Among other things, the SHIELD Act would:
- Require reasonable security for private information, using standards tailored to the size of the business, while avoiding duplicate regulations and providing incentive to businesses that certify security compliance and provides clear examples of safeguards (e.g., technical, administrative, and physical measures).
- Carve out “compliant regulated entities,” which are defined as those already regulated by, and compliant with, existing or future regulations of any federal or NYS government entity (including NYS DFS cybersecurity regulations; regulations under Gramm-Leach-Bliley; HIPAA regulations) by deeming them compliant with this law’s reasonable security requirement.
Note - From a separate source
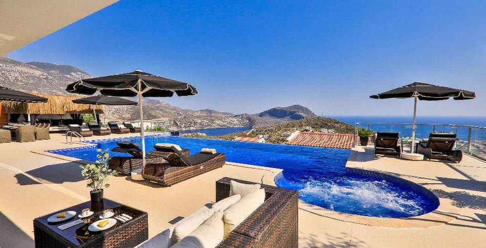 Kalkan Bölgesinde bulunan 4 yatak odalı 8 kişilik Full Deniz Manzaralı Lüks Kiralık yazlık villamızdır. Villamız Kalkanın en güzel konuma sahip bölgesinde bulunmaktadır. Villamız geniş bahçe ve havuz terasına sahip olup oldukça eğlenceli ve keyifli bir tatil sizi ve sevdiklerinizi beklemektedir. Villamız 2020 yılı içersin de hizmete girmiş yeni bir villamızdır. Konfor ve kaliteyi bu villamızda yaşayacaksınız .Muhteşem deniz ve adalar manzarasına sahip olan villamızda gün batımı keyfini sürebilirsiniz.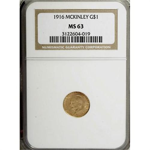 <B>1916 G$1 McKinley MS63 NGC.</B></I> NGC Census: (325/1483). PCGS Population (728/2745). Mintage: 9,977. Numismedia Wsl. Price for NGC/PCGS coin in MS63: $700. (#7454)<BR><BR><b>Shipping:</b> Coins & Currency (<a target="_blank" href="http://www.heritageauctions.com/common/shipping.php">view shipping information</a>)

- Provide safe harbor from AG enforcement actions under this law for “certified compliant entities,” (those with independent certification of compliance with aforementioned government data security regulations, or with ISO/NIST standards).
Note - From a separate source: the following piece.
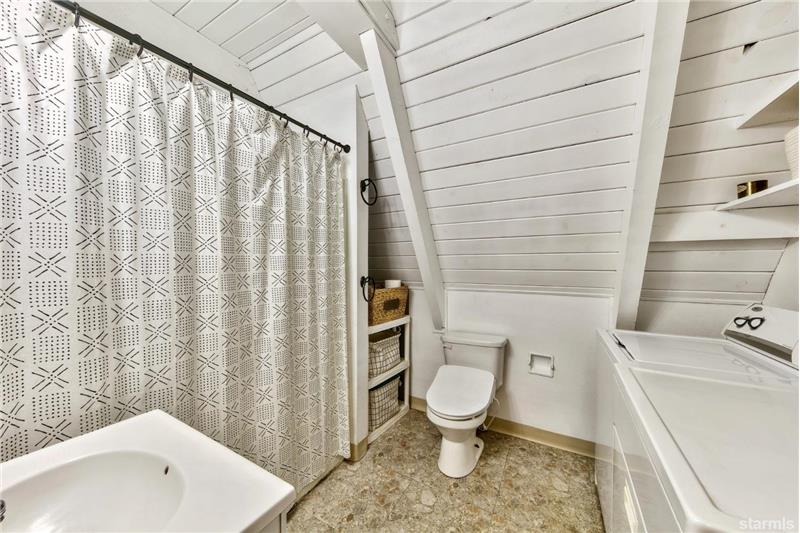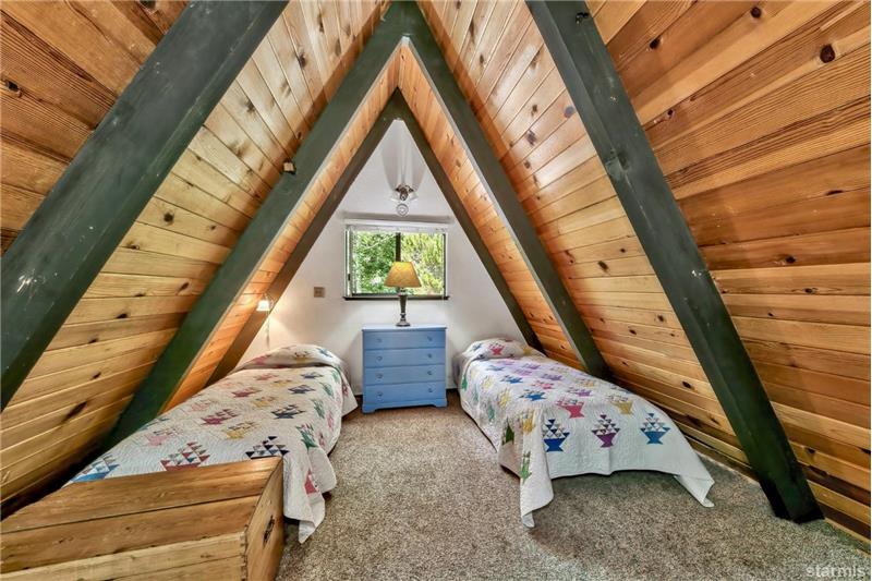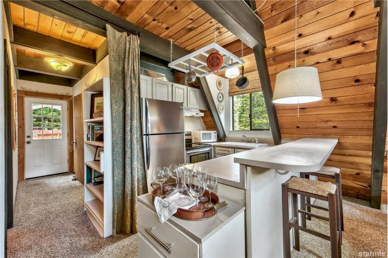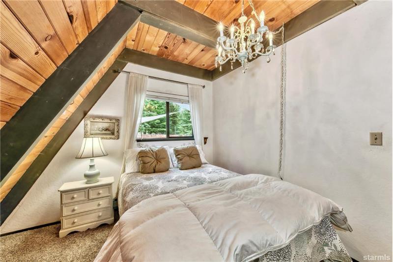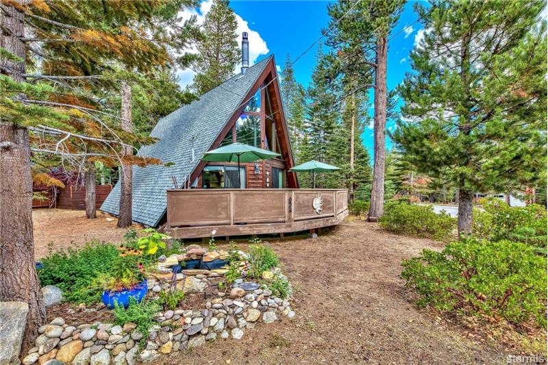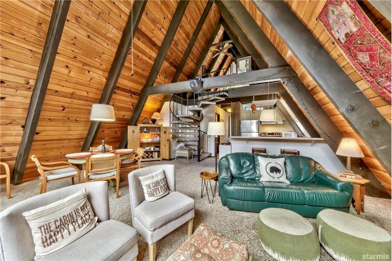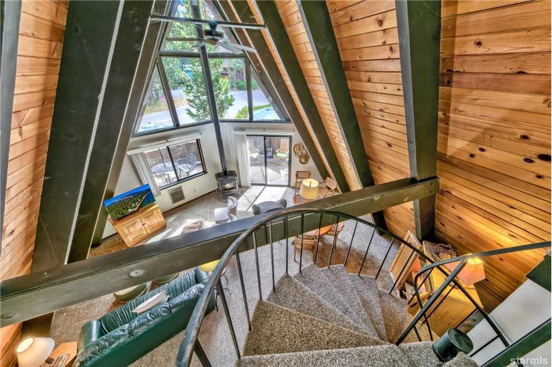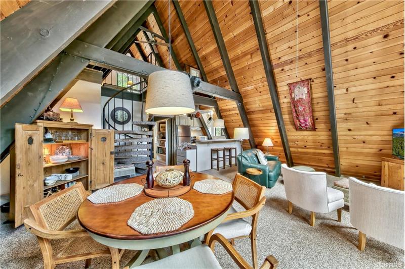 This Classic Prow-Front A-Frame Cabin perfectly captures the Tahoe lifestyle. Loved by the same family for 36 years. As you enter, the large, stacked windows fill the interior with natural light and brings the feel of the outdoors inside. The gorgeous gas log stove with Nest thermostat provides high efficiency heat and ambiance from the flames and embers for those snowy nights! Warm & cozy with all natural wood cathedral style beamed ceilings. Living, kitchen & dining areas plus a bedroom and bath at entry level. A sweeping spiral staircase to the spacious loft second sleeping area.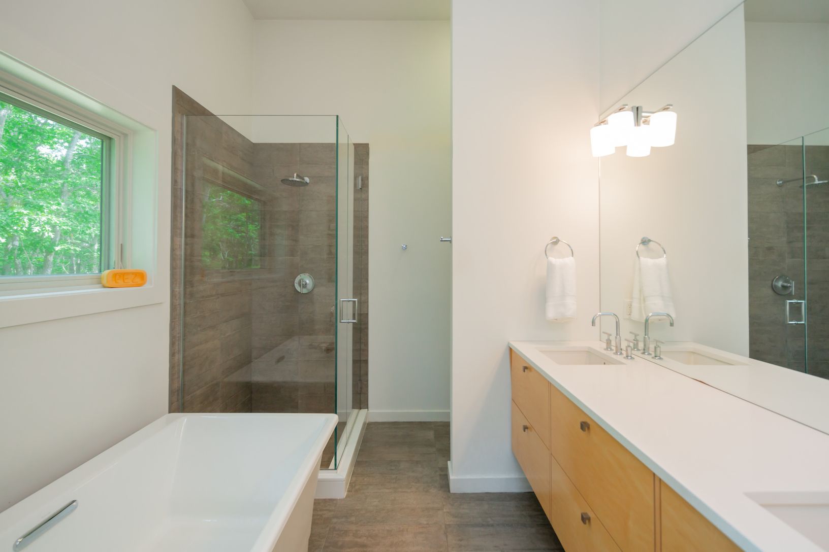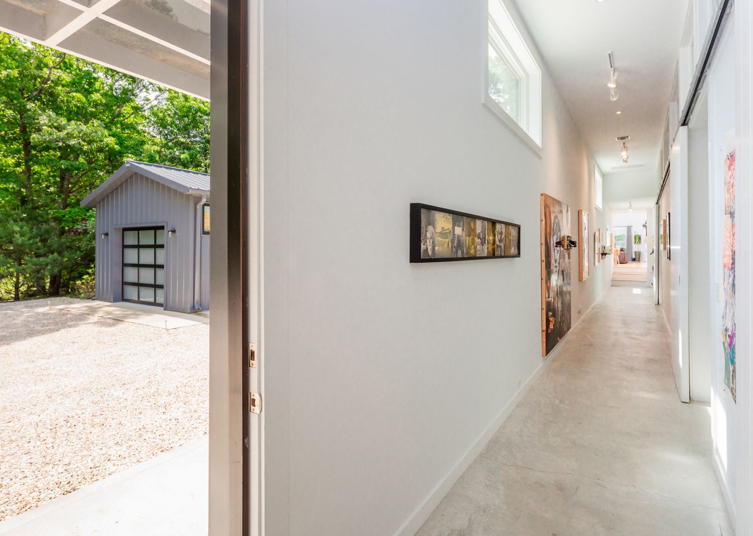 Recently completed, this striking new 4,100 square foot modern residence with an attached 1,500 square foot climate controlled Art Studio offers a rare opportunity to own a noted Artist's home. Greg Miller has been living and painting here for the past 4 years. It's location is superbly positioned just down the street from the Pollock-Krasner house, Accabonac Harbor and Gardiners Bay in the Historic district of Springs, East Hampton. With a

- Provide a more flexible standard for small business (less than 50 employees and under $3 million in gross revenue; or less than $5 million in assets): requiring reasonable safeguards “appropriate to the [small business’s] size and complexity.
The proposed legislation broadens the current breach notification law in several ways. For example, it would apply to anyone holding private information of New Yorkers, rather than just those who “conduct business” in New York. In addition, it broadens the requirements for reporting a breach to the Attorney General to those who “access” private information in addition to those who “acquire” private information. Finally, the proposed legislation would require notification for breaches of additional data types, including username-and-password combination, biometric data, and HIPAA-covered health data.
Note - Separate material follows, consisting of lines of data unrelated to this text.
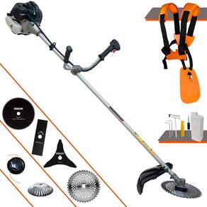 Roçadeira Lateral ANMAX CG430B À Gasolina 2 Tempos 43cc 1,7HP + Faca 3 Pontas 255m + Faca 40 Dentes 255mm + Faca 80 Dentes 255mm + Escova 38 Cerdas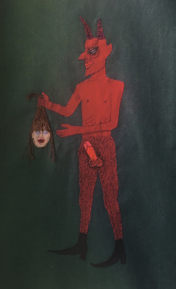 design work for the album, brüsseler platz by dominik von senger, 2019demon with severed head, 2020, embroidered thread & collaged fabric 44 x 31 cmcreature from hell 3, 2019, rusted metal, mackerel head, chicken feet, bark, firework case, glue, approx 28 cm tallinstallation for 48 std neukölln: luxus, 2011, mixed media, dimensions variable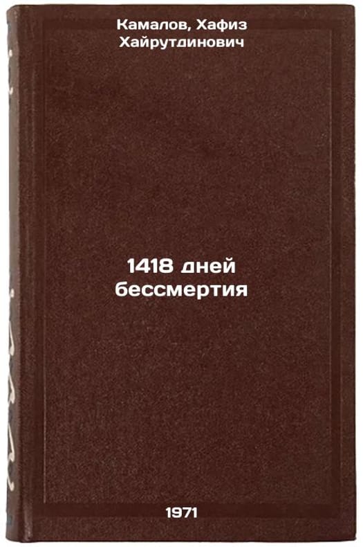 In Russian. Kamalov, Khafiz Khairutdinovich. 1418 days of immortality. Leningrad: 1971. All images are for identification of editions only. Several books of the same edition may be available. Please feel free to request photos of available books. SKU7390338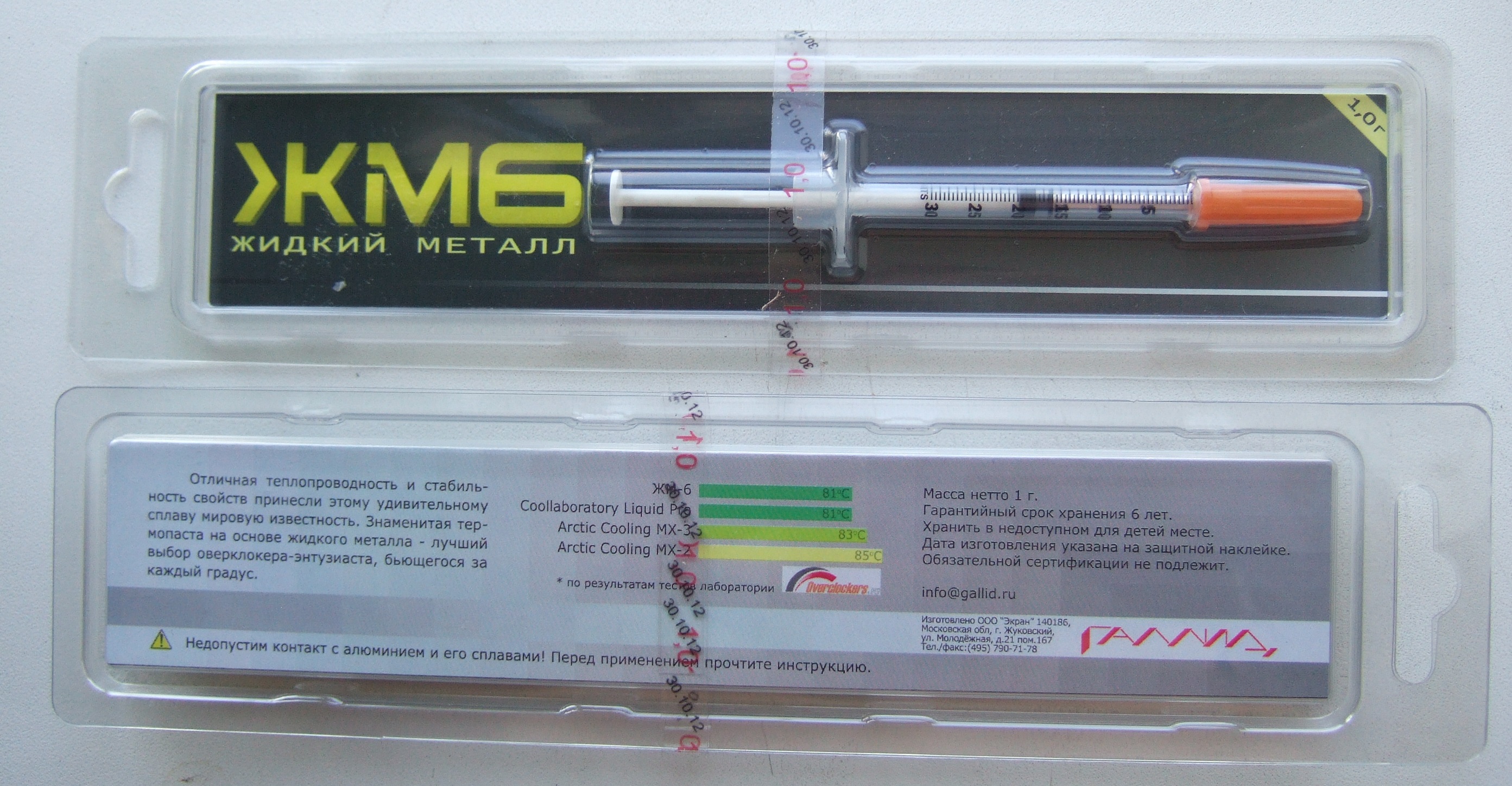 Про компанию или сайт Gallid информации вообще нет. Но когда заходим на сайт ООО "Экран" в г.Жуковском все становится сразу понятно : http://www.screen-co.ru Теперь, да я вполне допускаю что разницы между Liquid Pro и ЖМ-6 Вы и не увидели, потому что вполне возможно ее просто нет Ну а дальше все понятно, есть Патент и есть правообладатель, а дальше как говорится "Ромео должен умереть" Я допускаю что 34 Вт/М*к - вообще от балды, чтоб не было много вопросов. Но тесты - предательски выдали такое чисто случайное совпадение. Да и на упаковке ни слова о теплопроводности, но везде где упоминался ЖМ-6 почему то пишут 34 Также вполне возможно что 34 Вт/М*к - это как раз реальная цифра, а вот 80 Вт/М*к от Liquid Pro - это теплопроводность допустим при абсолютном нуле или еще при каких особых условиях о которых производитель скромно умолчал. Ну в любом случае, ЖМ-6 уже давно нигде нет и информации о нем в открытых источниках нет, лишь отзывы и воспоминания пользователей. Так что всего 2 претендента на абсолютное лидерство старичок Liquid Pro и новичок Grizzly Conductonaut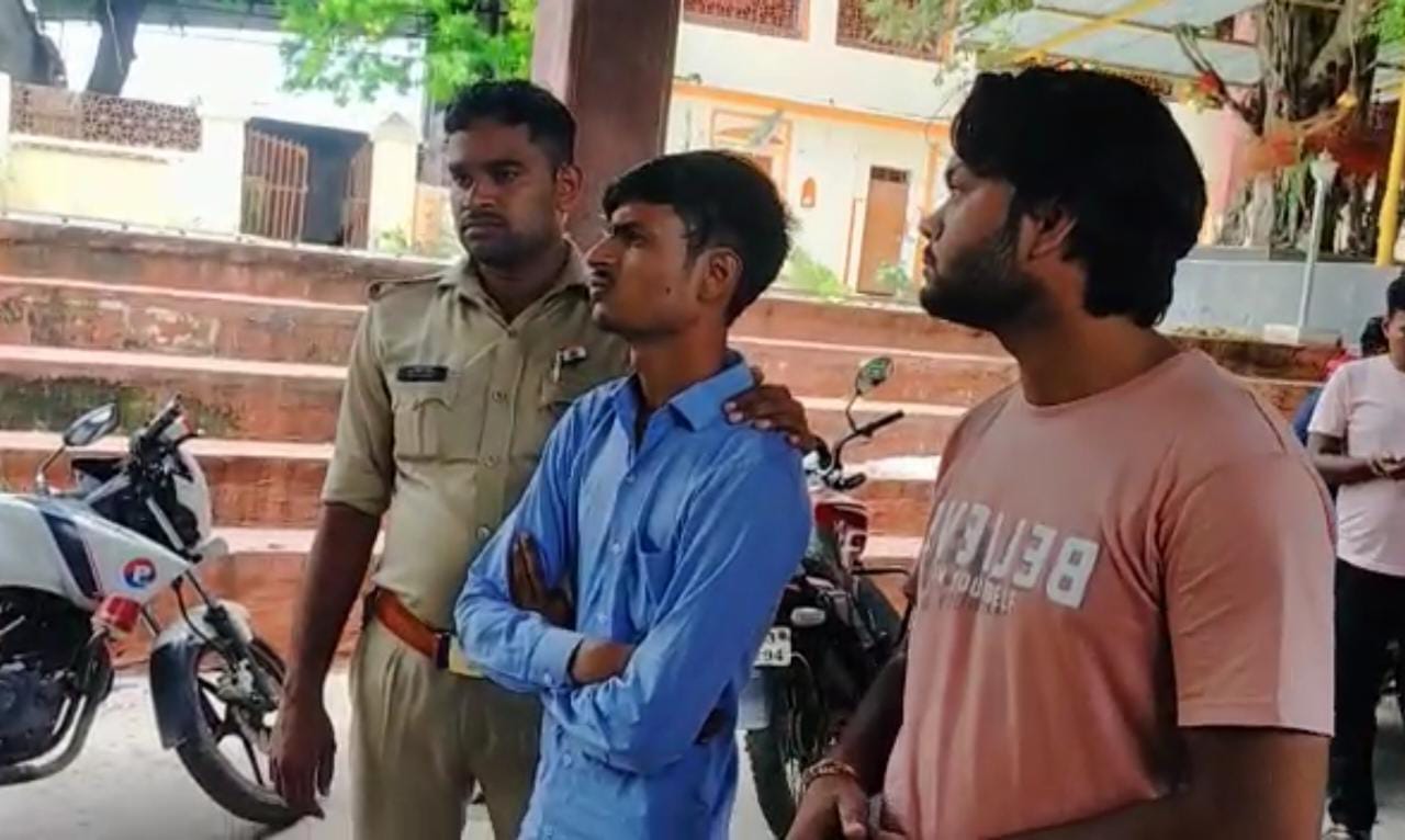झांसी। भगवान के मंदिर को दूषित कर रहे दो प्रेमी जोड़ों को पकड़ कर लोगों ने जमकर धुना और बाद में उन्हें पुलिस के हवाले कर दिया। पुलिस दोनो प्रेमी जोड़ों से पूछताछ कर रही है।जानकारी के मुताबिक शहर कोतवाली क्षेत्र लक्ष्मी गेट बाहर स्थित प्रसिद्ध मां काली मंदिर परिसर में आज दोपहर दो प्रेमी जोड़े फूल बाग में घुस गए और अश्लीलता कर मंदिर परिसर को दूषित करने लगे। प्रेमी जोड़ों की गलत हरकत को देख मंदिर में पहुंचे श्रद्धालुओं ने उन्हे रंगे हाथ पकड़ लिया और जमकर धुनाई कर पुलिस को सूचना दी। सूचना पर पहुंची कोतवाली पुलिस ने दोनो प्रेमी जोड़ों को हिरासत में लेकर थाने ले आई। बताया जा रहा युवतियां झांसी और युवक मध्य प्रदेश ग्वालियर के रहने वाले है। पुलिस उनसे पूछताछ कर रही है।

This legislation follows a trend at the state level as states refine their data security and breach notification statutes as the cyber landscape evolves. For example, the California Attorney General in 2016 refined California’s information security statute requiring the implementation of “reasonable security procedures and practices appropriate to the nature of the information” (see Cal. Civ. Code §1798.81.5(b)) by issuing guidance in its 2016 Data Breach Report recommending that this standard would be met with the implementation of the Center for Internet Security’s 20-item list of Security Controls. See https://www.cisecurity.org/controls/.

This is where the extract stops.